- [Data extract]
################

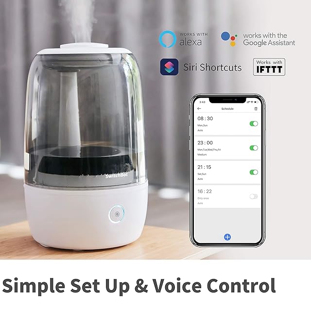 【音声コントロール】 EchoやGoogle Homeなどスマートスピーカーと連携し、音声で加湿器の電源をオン/オフでき、離れた場所から声だけで簡単に操作可能です。AppleSiri、LINE CLOVA、IFTTTなどにも対応。
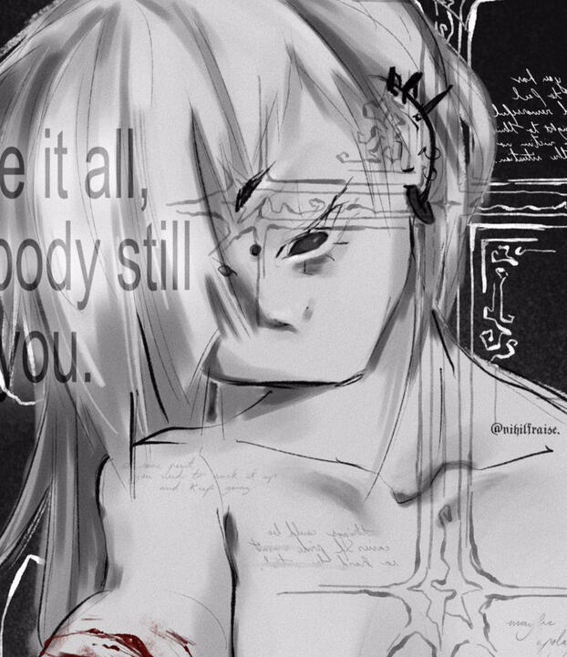 that being said, please be aware that my account deals with sensitive subjects from time to time. content warning for: horror, gore, depictions of self-harm and mental illness, suggestive imagery and possible nsfw (nudity, depictions of sexual themes).
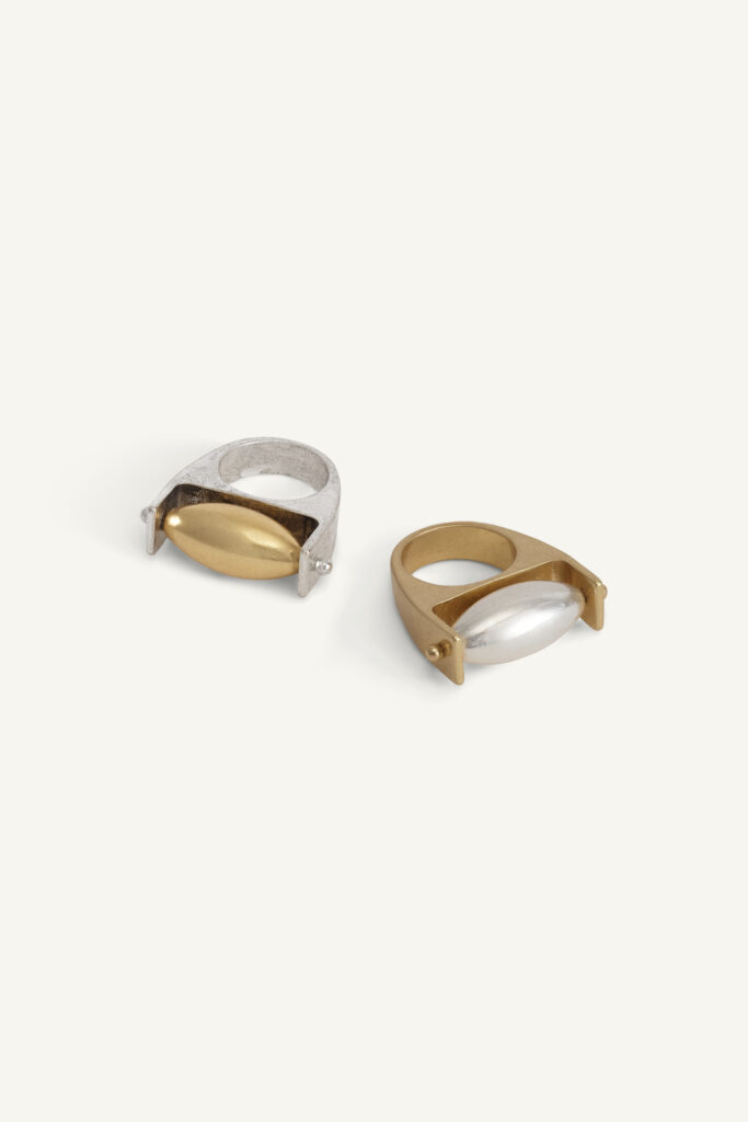 メンズライクなデザインながらも、シルバーとゴールドがミックスされているので華やかな雰囲気に。

################

Give again, word for word, the lines above from the one with "that being said, please" through the final line of the data, both ends included. Do not copy any picture.

 that being said, please be aware that my account deals with sensitive subjects from time to time. content warning for: horror, gore, depictions of self-harm and mental illness, suggestive imagery and possible nsfw (nudity, depictions of sexual themes).
 メンズライクなデザインながらも、シルバーとゴールドがミックスされているので華やかな雰囲気に。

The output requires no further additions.